### Exercise aim
Please repeat exactly, and only, the lines from the one containing "鉢候補の彩色を終える予定でし" through the end of the records below, with no pictures.

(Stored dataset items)
------------------------

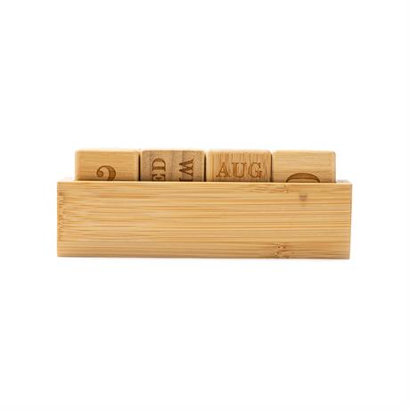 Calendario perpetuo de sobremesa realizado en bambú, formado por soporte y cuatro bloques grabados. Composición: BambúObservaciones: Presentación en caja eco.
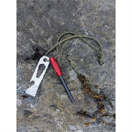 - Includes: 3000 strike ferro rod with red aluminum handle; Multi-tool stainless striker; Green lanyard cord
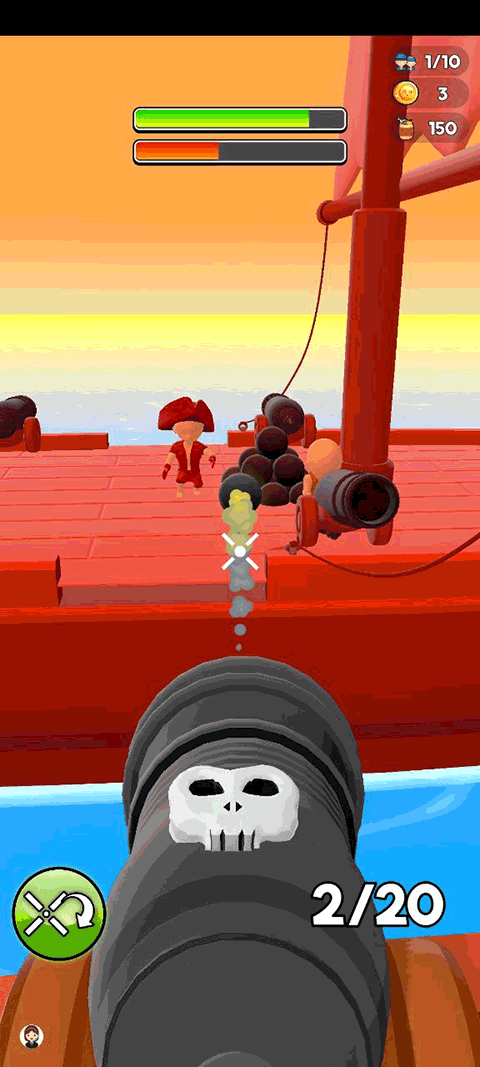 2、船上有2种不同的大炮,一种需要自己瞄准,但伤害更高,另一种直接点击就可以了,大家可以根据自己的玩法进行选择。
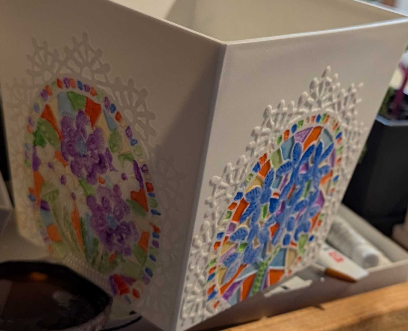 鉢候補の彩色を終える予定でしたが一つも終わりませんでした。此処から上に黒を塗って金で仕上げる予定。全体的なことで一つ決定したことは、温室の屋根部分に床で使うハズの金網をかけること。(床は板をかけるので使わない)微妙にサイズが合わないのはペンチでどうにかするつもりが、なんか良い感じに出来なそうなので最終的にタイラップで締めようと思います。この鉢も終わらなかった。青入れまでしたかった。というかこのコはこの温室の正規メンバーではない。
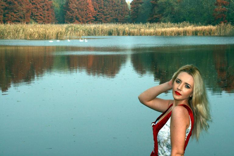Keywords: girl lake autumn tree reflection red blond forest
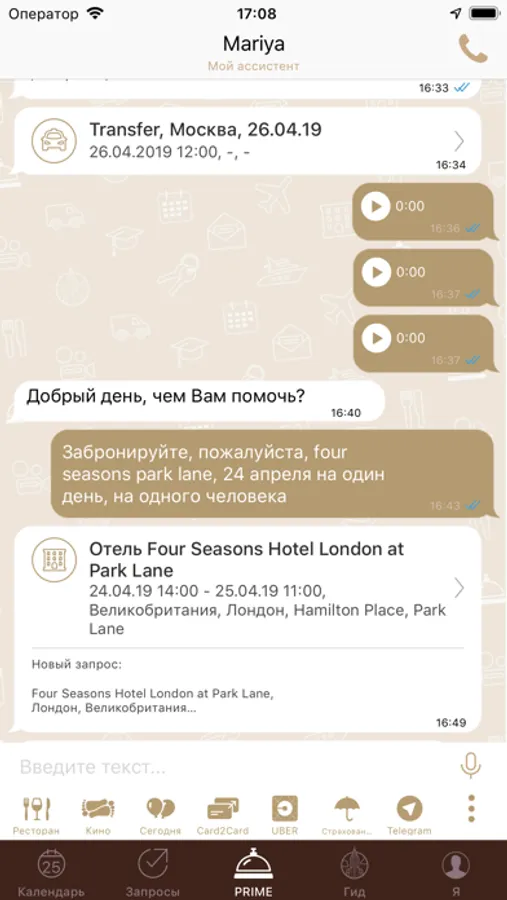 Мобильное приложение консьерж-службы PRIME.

------------------------

### Solution to this exercise
 鉢候補の彩色を終える予定でしたが一つも終わりませんでした。此処から上に黒を塗って金で仕上げる予定。全体的なことで一つ決定したことは、温室の屋根部分に床で使うハズの金網をかけること。(床は板をかけるので使わない)微妙にサイズが合わないのはペンチでどうにかするつもりが、なんか良い感じに出来なそうなので最終的にタイラップで締めようと思います。この鉢も終わらなかった。青入れまでしたかった。というかこのコはこの温室の正規メンバーではない。
Keywords: girl lake autumn tree reflection red blond forest
 Мобильное приложение консьерж-службы PRIME.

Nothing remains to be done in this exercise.